### WHAT IS EXPECTED
Write out exactly the lines from the one that contains "Dummy TM is" down to the last line of the material below, keeping both ends and omitting pictures.

### DATA PROVIDED
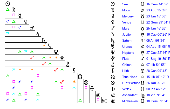 | Moon | 23 Aquarius 13 | 25 Libra 21 | 17 Pisces 19 |
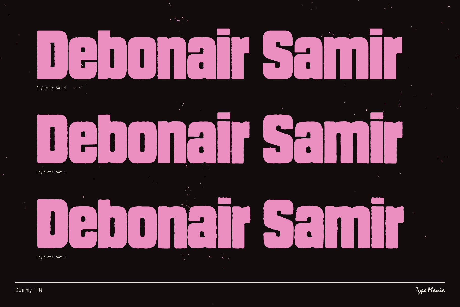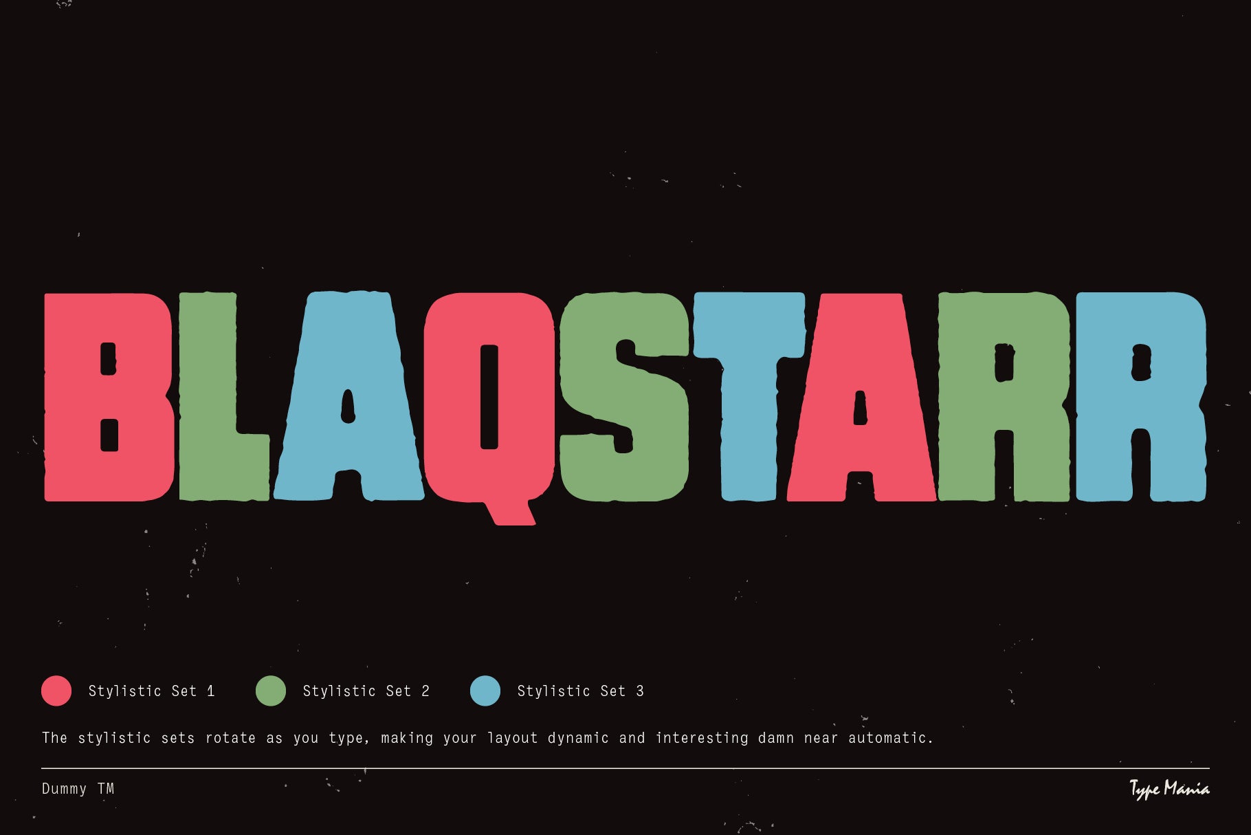 Dummy TM is your go-to when it comes to heavy distressed type. The font includes 3 unique stylistic sets that rotate automatically as you type making the designer's job that much easier. Perfect for your street smart flyers, record covers, t-shirt prints, and whatever else you need. Enjoy, you big dummy! www.tinyurl.com/58bubcet
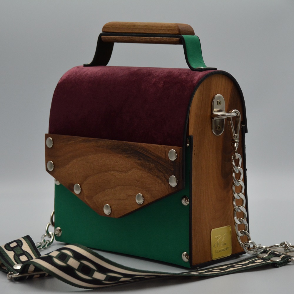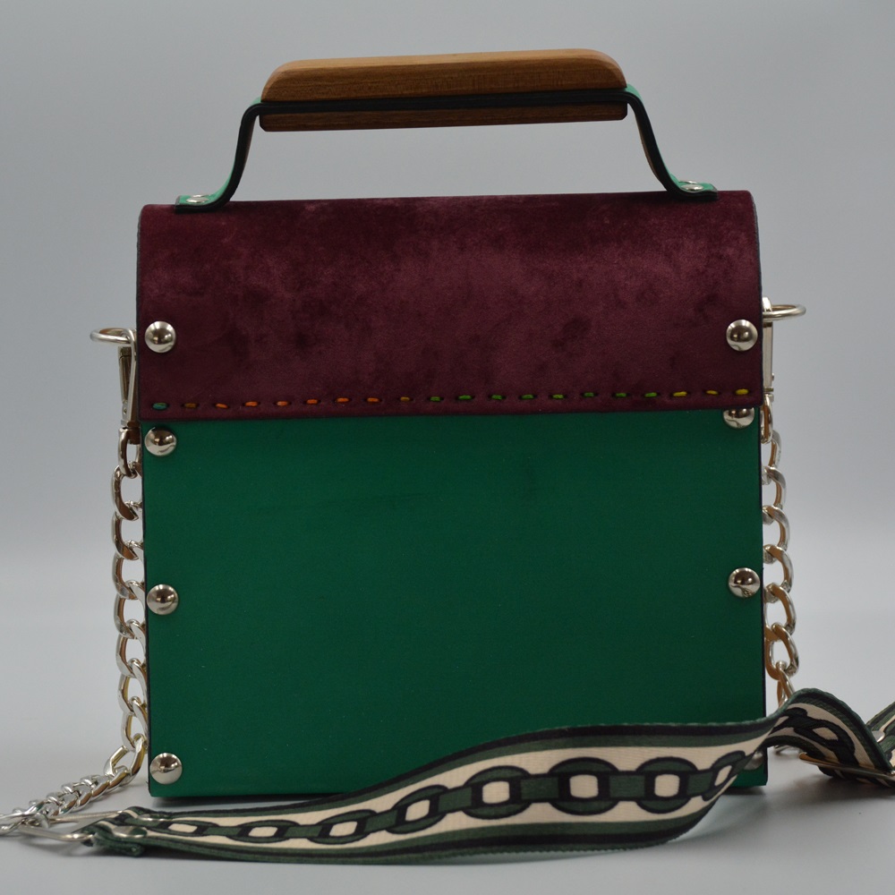 Walnut wood sides female suede/nubuck hand and shoulder bag
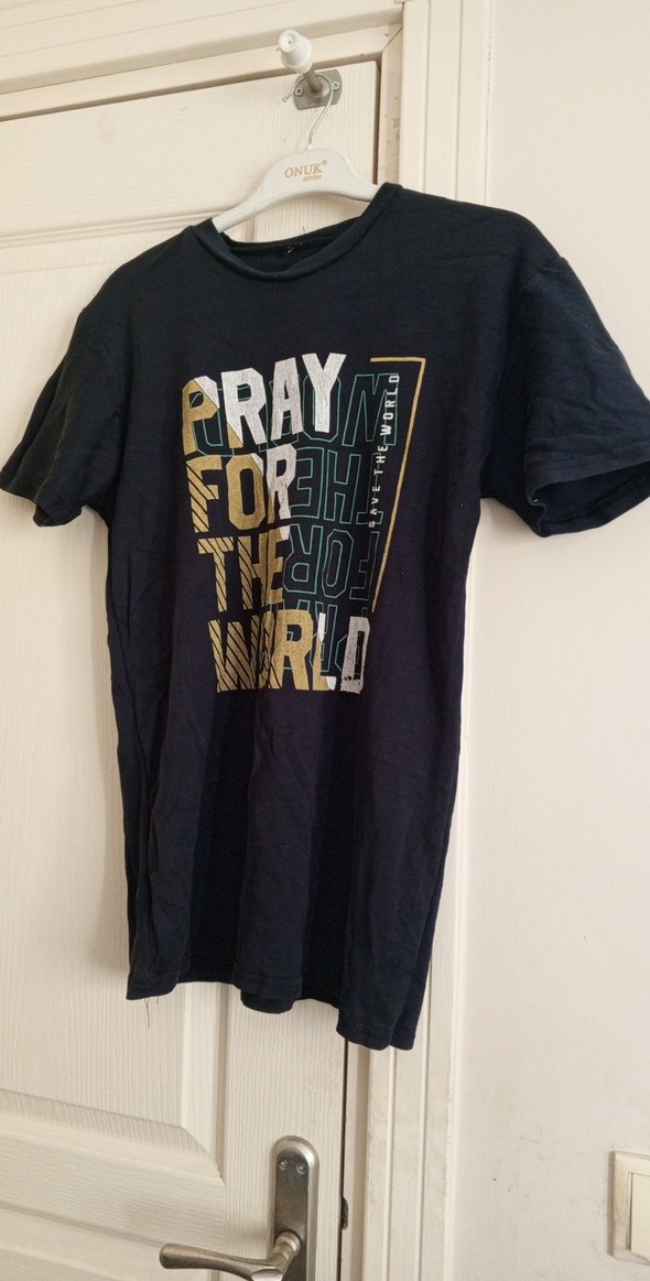 Erkekler için bol kesim, kısa kollu, yuvarlak yaka tişört. Üzerinde koyu altın ve beyaz renklerde "PRAY FOR THE WORLD" baskısı bulunur. ✨

### OUTPUT OF THE TASK
 Dummy TM is your go-to when it comes to heavy distressed type. The font includes 3 unique stylistic sets that rotate automatically as you type making the designer's job that much easier. Perfect for your street smart flyers, record covers, t-shirt prints, and whatever else you need. Enjoy, you big dummy! www.tinyurl.com/58bubcet
 Walnut wood sides female suede/nubuck hand and shoulder bag
 Erkekler için bol kesim, kısa kollu, yuvarlak yaka tişört. Üzerinde koyu altın ve beyaz renklerde "PRAY FOR THE WORLD" baskısı bulunur. ✨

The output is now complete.